Ekonomimiz iyi, kimse geçim sıkıntısı çekmiyor. Tek tük çeken varsa da Türkiye sosyal devlet. Dış borç yüksek ama çoğu özel sektörün, devletin borcu küçük. Faizi düşürdük, bu yüzden dış güçler doları euroyu arttırdı. Yani faiz sebep değil, dış güçler sebep. Faiz başka bir şeyin sebebi. Enflasyonun. Faizi düşürünce enflasyon düşecek, yatırımlar çoğalacak. Ekonomimiz sıcak para ekonomisi olmaktan çıkacak. O sıcak para var ya o sıcak para, büyük dert. Sıcak paraya dayalı ekonomiden üretime ve yatırıma dayalı ekonomiye geçeceğiz. İhracat da artacak. Dünyadaki büyük güçlerin hegemonyasından kurtuluyoruz. Bir önceki çeyrekte yüzde 21 büyüdük, dünya rekoru kırdık. Asgari ücrete yüzde 50 zam yaptık. Memur maaşlarını da arttırdık. Döviz rezervlerimiz 120 doların üstünde. Merkez Bankası da bu sene 60 milyar kar etti. Siz hangi ekonomik krizden bahsediyorsunuz? Abartmayın!

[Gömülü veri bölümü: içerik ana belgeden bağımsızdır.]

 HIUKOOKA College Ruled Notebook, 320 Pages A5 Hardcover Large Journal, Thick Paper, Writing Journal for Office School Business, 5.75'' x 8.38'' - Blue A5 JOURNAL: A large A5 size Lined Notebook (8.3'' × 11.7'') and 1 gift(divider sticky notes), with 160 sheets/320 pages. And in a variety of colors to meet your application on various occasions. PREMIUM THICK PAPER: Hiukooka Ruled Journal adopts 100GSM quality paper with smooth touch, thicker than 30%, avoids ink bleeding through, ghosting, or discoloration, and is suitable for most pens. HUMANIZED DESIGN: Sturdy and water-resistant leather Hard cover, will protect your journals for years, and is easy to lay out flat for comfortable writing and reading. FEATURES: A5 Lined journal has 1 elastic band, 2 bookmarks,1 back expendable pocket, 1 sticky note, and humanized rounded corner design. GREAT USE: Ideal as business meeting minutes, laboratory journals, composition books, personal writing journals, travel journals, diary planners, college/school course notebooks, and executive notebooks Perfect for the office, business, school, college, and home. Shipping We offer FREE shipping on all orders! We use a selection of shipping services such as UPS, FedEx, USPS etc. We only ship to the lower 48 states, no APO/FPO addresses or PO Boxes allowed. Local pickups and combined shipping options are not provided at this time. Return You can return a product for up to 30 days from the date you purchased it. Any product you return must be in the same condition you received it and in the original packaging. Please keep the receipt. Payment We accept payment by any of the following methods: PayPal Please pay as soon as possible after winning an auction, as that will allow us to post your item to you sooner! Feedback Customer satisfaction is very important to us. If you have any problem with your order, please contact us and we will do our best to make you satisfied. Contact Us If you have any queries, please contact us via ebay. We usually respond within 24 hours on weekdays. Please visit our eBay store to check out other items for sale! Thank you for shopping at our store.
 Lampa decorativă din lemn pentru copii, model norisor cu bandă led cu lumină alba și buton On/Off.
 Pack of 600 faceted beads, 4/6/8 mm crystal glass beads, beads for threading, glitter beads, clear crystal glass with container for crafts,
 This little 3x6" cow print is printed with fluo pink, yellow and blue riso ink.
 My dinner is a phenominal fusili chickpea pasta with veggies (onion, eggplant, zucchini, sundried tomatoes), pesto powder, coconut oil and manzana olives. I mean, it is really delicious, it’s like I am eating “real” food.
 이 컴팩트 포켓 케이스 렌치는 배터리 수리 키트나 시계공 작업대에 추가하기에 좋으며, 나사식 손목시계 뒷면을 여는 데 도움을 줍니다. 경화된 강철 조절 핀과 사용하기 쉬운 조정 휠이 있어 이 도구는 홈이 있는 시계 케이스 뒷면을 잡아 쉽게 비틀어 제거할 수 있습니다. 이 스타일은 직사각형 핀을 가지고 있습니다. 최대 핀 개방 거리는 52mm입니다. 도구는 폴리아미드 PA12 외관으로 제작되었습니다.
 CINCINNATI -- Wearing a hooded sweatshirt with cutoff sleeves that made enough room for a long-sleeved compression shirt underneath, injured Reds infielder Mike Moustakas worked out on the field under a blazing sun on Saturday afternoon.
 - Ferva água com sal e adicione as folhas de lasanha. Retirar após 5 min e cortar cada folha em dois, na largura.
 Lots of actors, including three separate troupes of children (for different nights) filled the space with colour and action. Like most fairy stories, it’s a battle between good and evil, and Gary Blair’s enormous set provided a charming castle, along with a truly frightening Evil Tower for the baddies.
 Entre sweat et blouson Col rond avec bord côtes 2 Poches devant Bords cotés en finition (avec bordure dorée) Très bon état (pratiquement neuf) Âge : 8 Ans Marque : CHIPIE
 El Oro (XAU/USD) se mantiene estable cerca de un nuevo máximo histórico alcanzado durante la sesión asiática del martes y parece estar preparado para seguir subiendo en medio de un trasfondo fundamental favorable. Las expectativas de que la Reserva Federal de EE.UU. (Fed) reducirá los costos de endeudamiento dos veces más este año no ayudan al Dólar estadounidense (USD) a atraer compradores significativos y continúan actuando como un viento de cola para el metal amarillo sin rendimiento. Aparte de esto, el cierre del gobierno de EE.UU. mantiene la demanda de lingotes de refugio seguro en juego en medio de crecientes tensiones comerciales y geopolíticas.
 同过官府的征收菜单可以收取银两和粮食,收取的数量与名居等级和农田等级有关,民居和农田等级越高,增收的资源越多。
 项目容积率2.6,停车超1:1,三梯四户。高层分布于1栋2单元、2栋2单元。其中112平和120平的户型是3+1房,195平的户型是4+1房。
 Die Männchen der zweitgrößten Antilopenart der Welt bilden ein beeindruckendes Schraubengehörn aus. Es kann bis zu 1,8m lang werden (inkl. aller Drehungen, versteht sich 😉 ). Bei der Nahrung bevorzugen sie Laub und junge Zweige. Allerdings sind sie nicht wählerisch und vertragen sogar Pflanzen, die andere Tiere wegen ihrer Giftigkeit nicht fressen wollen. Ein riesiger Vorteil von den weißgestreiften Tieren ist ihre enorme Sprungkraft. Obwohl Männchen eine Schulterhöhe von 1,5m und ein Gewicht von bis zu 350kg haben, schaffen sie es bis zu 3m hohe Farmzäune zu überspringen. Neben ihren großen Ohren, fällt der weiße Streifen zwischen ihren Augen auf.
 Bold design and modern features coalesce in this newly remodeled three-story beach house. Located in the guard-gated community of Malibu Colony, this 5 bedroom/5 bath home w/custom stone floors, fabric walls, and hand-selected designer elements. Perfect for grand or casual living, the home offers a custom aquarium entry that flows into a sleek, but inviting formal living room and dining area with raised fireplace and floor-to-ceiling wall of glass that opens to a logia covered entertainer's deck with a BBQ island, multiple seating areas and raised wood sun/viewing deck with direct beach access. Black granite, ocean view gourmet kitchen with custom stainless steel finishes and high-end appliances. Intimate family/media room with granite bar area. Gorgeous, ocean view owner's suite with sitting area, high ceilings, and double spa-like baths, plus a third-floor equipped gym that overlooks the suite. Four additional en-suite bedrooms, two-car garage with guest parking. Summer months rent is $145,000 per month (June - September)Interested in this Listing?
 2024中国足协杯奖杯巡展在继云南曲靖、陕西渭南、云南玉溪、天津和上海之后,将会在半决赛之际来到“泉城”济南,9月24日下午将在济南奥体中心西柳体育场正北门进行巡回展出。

Bu cümleler yabancı değil. Çoğu siyasetçilerin cümleleri. Ya da televizyonlarda, gazetelerde ekonomi tartışmaları yapan yazar-çizerlerin.
Bazıları doğru görünüyor, ya da doğruya yakın.
İçini fazla kurcalamazsanız kendinizi iyi hissedebilirsiniz.
Bu sıralar ‘hiyel’ üzerine biraz okudum.
‘Hiyel’ ‘hile’nin çoğulu. Bir fıkıh ıstılahı.
Fakihler, bir çok ‘hiyel’ kitabı yazmış.
Benim son okuduğum Şeybani’nin ‘el-Meharic fil Hiyel’i.
Altbaşlığına ‘Şer’i çıkış yolları’ yazmışlar. ‘Hile ile çıkış yolları’ da diyebilirsiniz.
(Şeybani, İmam-ı Azam Ebu Hanife’nin öğrencilerinden İmam Muhammed. Vefatı Hicret’in 150. Senesi. Demek ki yaklaşık 13 asır önce yazılmış. Kitap Ankara Okulu’ndan çıkmış.)